Let’s hop in our way-back machines today and take a short trip. What’s that? You don’t have a way-back machine? Well, you can all pile in mine, but keep your feet off the seats please!
Our journey is a quick one this time, just about a year and half ago. I was given the time opportunity I had been missing to finally relax and begin writing. Although I had a number of things I wanted to write about, some long and some short, I was eager to get started on my fantasy adventure novel I had been bouncing in my head for many years.
I sat in my newly remodeled home office (and that’s a story for you — another time) in my newly purchased comfy chair and in front of my not-so-newly purchased but still pretty wide-screen monitor and…..stared. And stared. I blinked, flexed my fingers, shifted my seat and….stared.
For some reason, I just couldn’t get started. Not just the words, but the whole idea just wouldn’t come out. Oboy. I knew that one thing was essential to my career as a writer…I had to be able to actually write!
I hit on the idea that the setting was too formal. I’m not a very formal guy. I might even be considered a bit of a goof, but I don’t know if I should admit that for fear of hurting my public image (although, as we’ve talked, my public probably isn’t big enough yet to be called a “public”).
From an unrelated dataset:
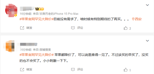 所以也有部分第三方經(jīng)銷商在喊話,“又不是搶首發(fā),這個價格真沒有任何競爭力”。更何況官網(wǎng)這波降價還有限額,還需要搶。也有網(wǎng)友吐槽,蘋果這波的確沒什么誠意、該買的早買了沒買的以后也不會買。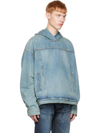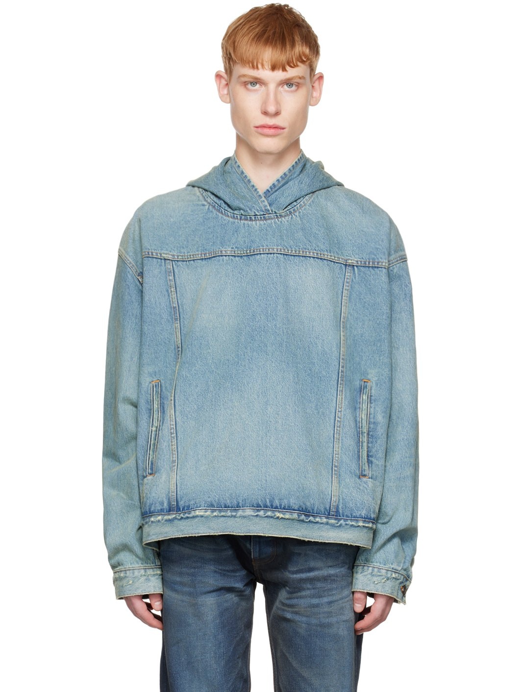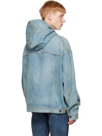 Non-stretch cotton denim jacket. Distressing and fading throughout. · Kangaroo pocket · Adjustable button-tab hem · Single-button barrel cuffs · Logo-engraved bronze-tone hardware · Contrast stitching in tan Supplier color: True blue 100% cotton.

My next thought was to sit out on my patio with a wide expanse of green grass, pine trees and extremely quick and energetic squirrels. Feh.
Had 15+ years of Finance and Accounting ruined me? Had years of regimented office work with schedules and meetings stifled my ability to imagine? Had I run out of ways to extend this blog with stalling questions? Yeah, yeah, I’ll get to the point. Sorry.
In a nod to my previously ordered life, I mapped out an extended plot for the book, writing up about two pages for each chapter I envisioned, including some dialog for key scenes I saw in my head. At the time, the book was planned to be about 20 chapters. I ultimately decided to shorten the chapters for quicker reading and smoother pace.
With this story “bible” in hand, I packed up a beach towel, filled a thermos, grabbed my Gator tailgating chair and headed to my local beach. There, facing east into the early morning sunrise, I began a three-times-a-week writing session on a cheap laptop. The glare on the screen and the sun in my eyes made reading what I was typing on the screen virtually impossible. Fortunately, the words flowed out of my head and through my fingers easily now and for the next two to three hours, I happily sped through about a chapter or two a day. Upon finishing, I would simply take another half hour or so to lie on the beach towel and listen to the ocean and people. Plenty of sun block, of course, but still ended up nicely tanned. A pleasant side benefit of my writing solution.
Each afternoon, I would trot out the laptop and review what I had written. A lot of it was surprisingly good and clean. There were plenty of spacing and spelling issues and the expected “fat-fingering” of letters, but the correcting process also served to offer a good chance to properly edit the work for the day. It turned out to be an elegantly simple solution that was as native-Floridian as you could get.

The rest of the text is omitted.